Re: [mm/slub] 555b8c8cb3: WARNING:at_lib/stackdepot.c:#stack_depot_fetch

All of lore.kernel.org
 help / color / mirror / Atom feed

From: Marco Elver <elver@google.com>
To: lkp@lists.01.org
Subject: Re: [mm/slub] 555b8c8cb3: WARNING:at_lib/stackdepot.c:#stack_depot_fetch
Date: Wed, 06 Apr 2022 10:34:07 +0200	[thread overview]
Message-ID: <Yk1Qf73cufW6LjOW@elver.google.com> (raw)
In-Reply-To: <YkzHG64zxu+nWbg3@hyeyoo>

[-- Attachment #1: Type: text/plain, Size: 4487 bytes --]

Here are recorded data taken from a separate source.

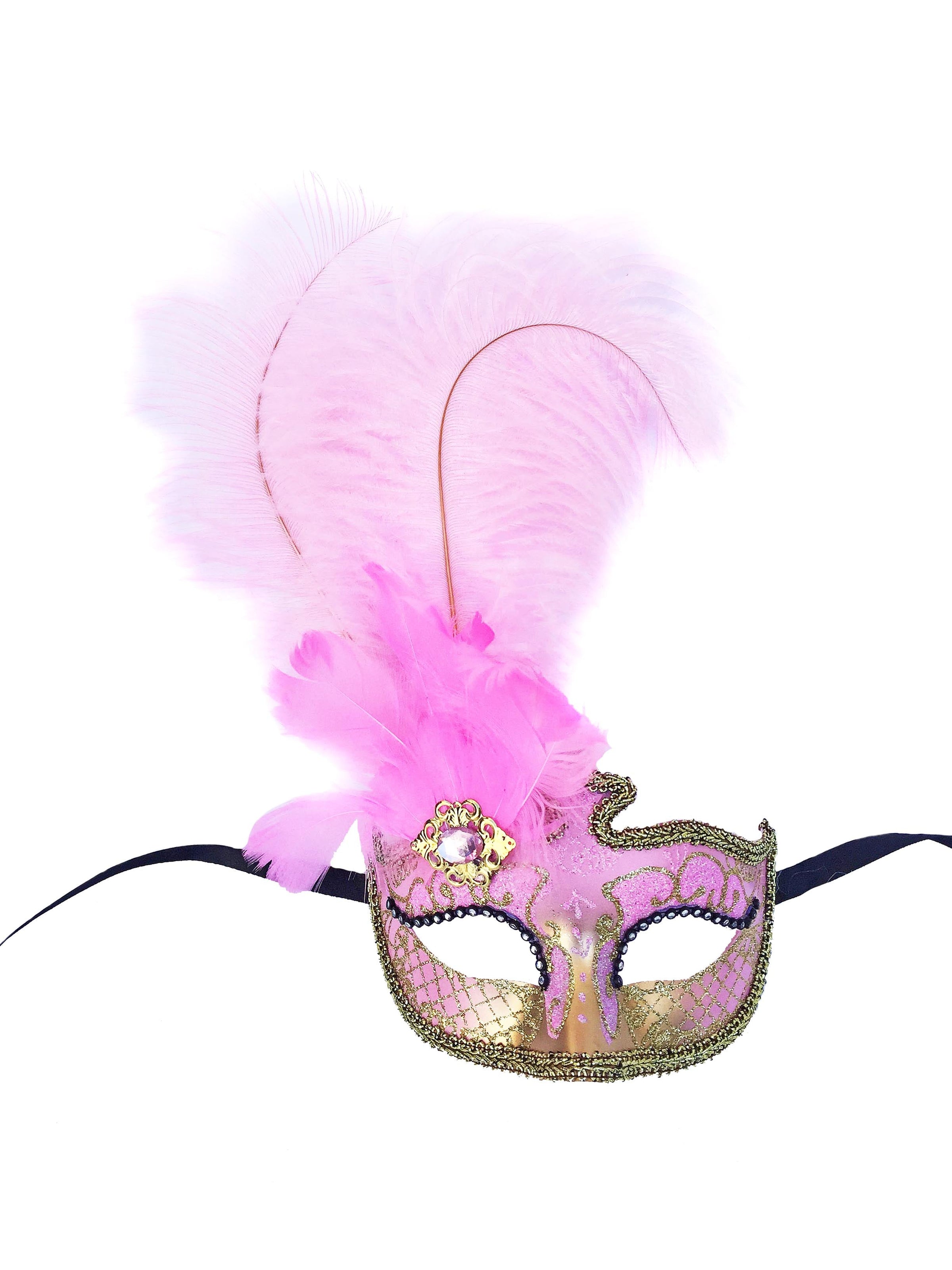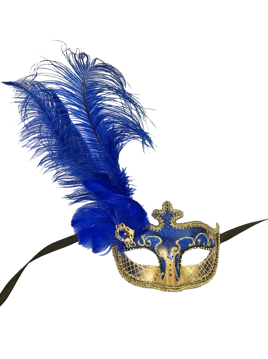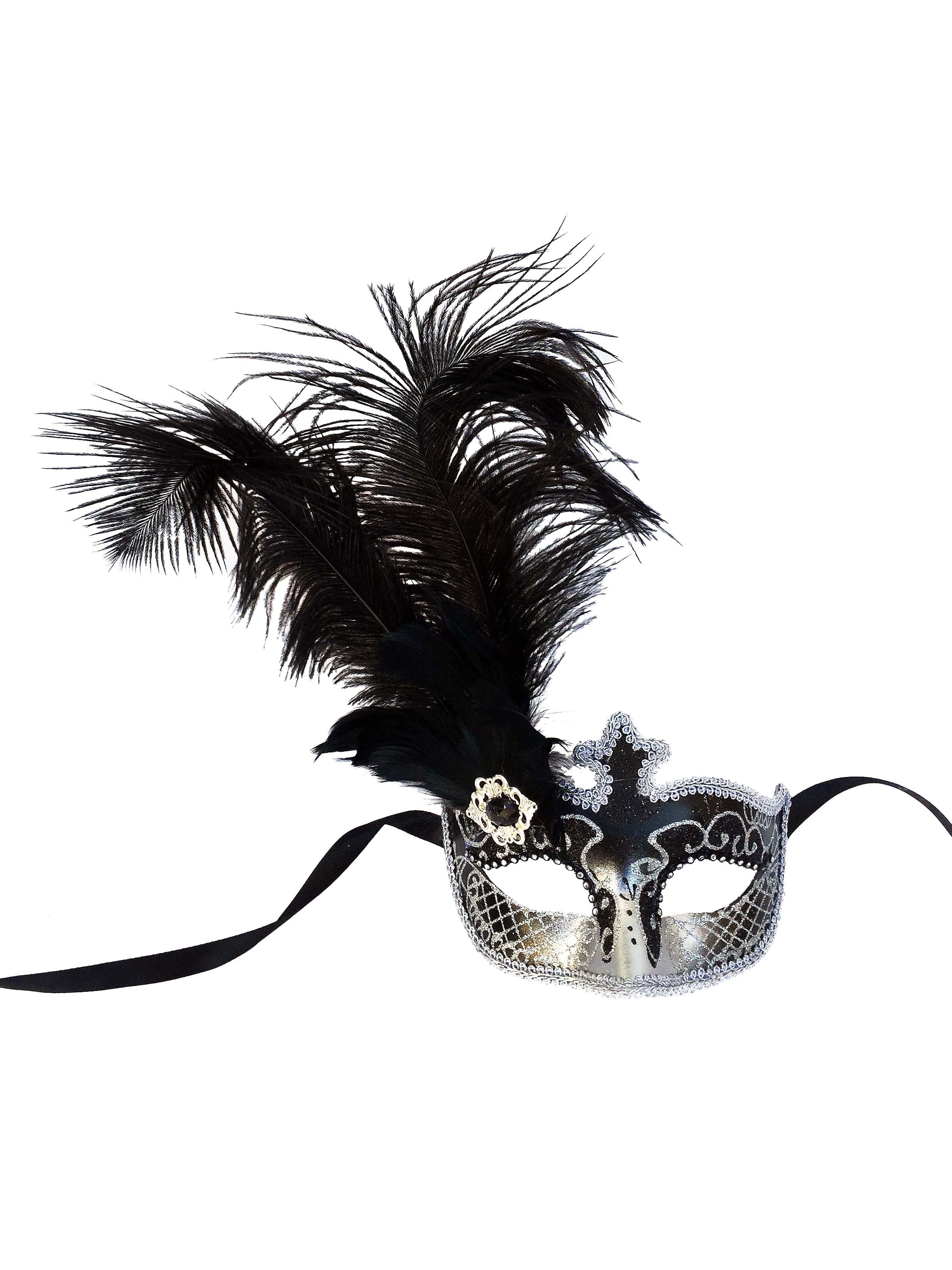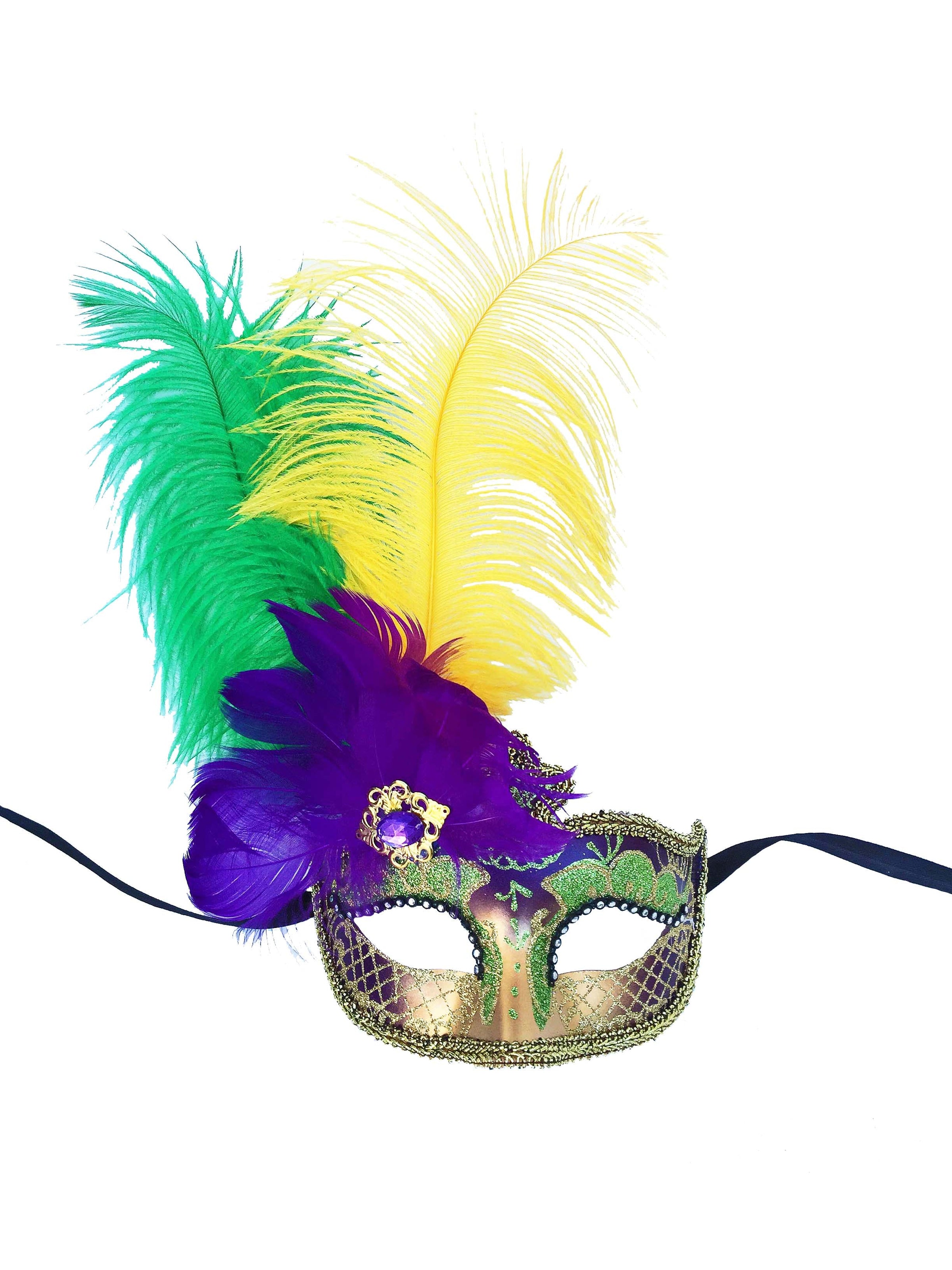 This Anarkali mask has gold or silver glittered accents across the face of the mask done in swirls and criss cross patterns. The eyelet holes are accented with small round gold beads. Each mask comes with 2 large plumes and shorter feathers attached over the right eye with a gold accented jewel matching the color of the mask. Each mask also comes with black ribbons to tie on.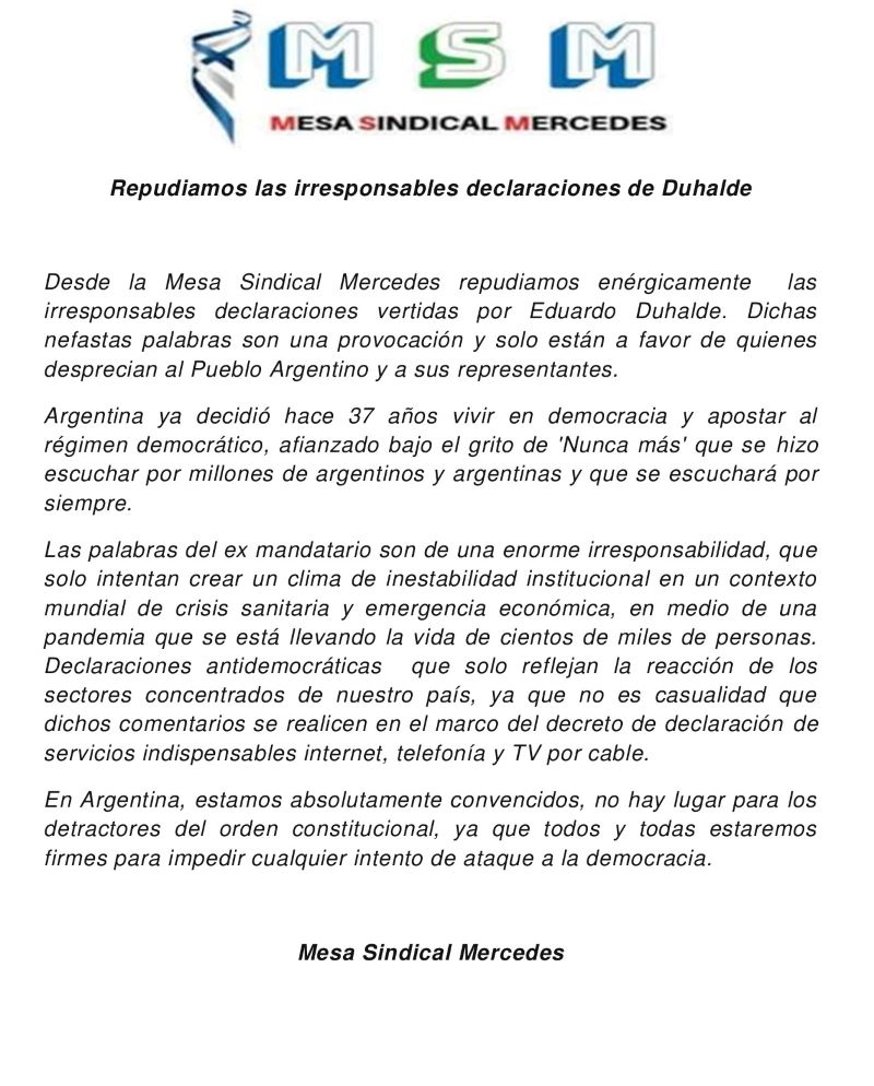 (Comunicado de la Mesa Sindical Mercedes) «Desde la Mesa Sindical Mercedes repudiamos enérgicamente las irresponsables declaraciones vertidas por Eduardo Duhalde. Dichas nefastas palabras son una provocación y solo están a favor de quienes desprecian al Pueblo Argentino y a sus representantes.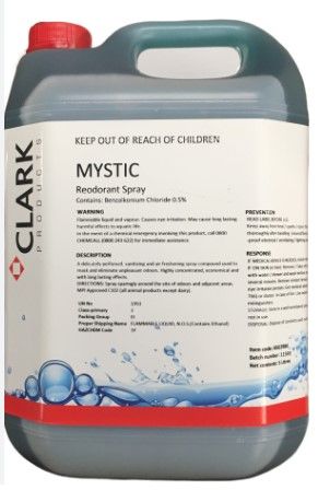 Perfumed sanitising spray for masking and eliminating unpleasant odours. Leaves the air fragrant and germ free.

On Wed, Apr 06, 2022 at 07:47AM +0900, Hyeonggon Yoo wrote:
> On Tue, Apr 05, 2022 at 01:07:53PM +0200, Marco Elver wrote:
> > On Tue, Apr 05, 2022 at 11:00AM +0900, Hyeonggon Yoo wrote:
> > > On Mon, Apr 04, 2022 at 05:18:16PM +0200, Marco Elver wrote:
> > > > On Mon, 4 Apr 2022 at 16:20, Vlastimil Babka <vbabka@suse.cz> wrote:
> > [...]
> > > > > But here we are in mem_dump_obj() -> kmem_dump_obj() -> kmem_obj_info().
> > > > > Because kmem_valid_obj() returned true, fooled by folio_test_slab()
> > > > > returning true because of the /* Set required slab fields. */ code.
> > > > > Yet the illusion is not perfect and we read garbage instead of a valid
> > > > > stackdepot handle.
> > > > >
> > > > > IMHO we should e.g. add the appropriate is_kfence_address() test into
> > > > > kmem_valid_obj(), to exclude kfence-allocated objects? Sounds much simpler
> > > > > than trying to extend the illusion further to make kmem_dump_obj() work?
> > > > > Instead kfence could add its own specific handler to mem_dump_obj() to print
> > > > > its debugging data?
> > > > 
> > > > I think this explanation makes sense!  Indeed, KFENCE already records
> > > > allocation stacks internally anyway, so it should be straightforward
> > > > to convince it to just print that.
> > > >
> > > 
> > > Thank you both! Yeah the explanation makes sense... thats why KASAN/KCSAN couldn't yield anything -- it was not overwritten.
> > > 
> > > I'm writing a fix and will test if the bug disappears.
> > > This may take few days.
> >
> 
> I did check the bug is not reproduced after simple fix. (reproduced 0 of 373)
> This approach was right.
> 
> > The below should fix it -- I'd like to make kmem_obj_info() do something
> > useful for KFENCE objects.
> >
> 
> Agreed.
> 
[...]
> > +	i = get_stack_skipnr(track->stack_entries, track->num_stack_entries, NULL);
> > +	for (j = 0; i < track->num_stack_entries && j < KS_ADDRS_COUNT - 1; ++i, ++j)
> 
> why KS_ADDRS_COUNT - 1 instead of KS_ADDRS_COUNT?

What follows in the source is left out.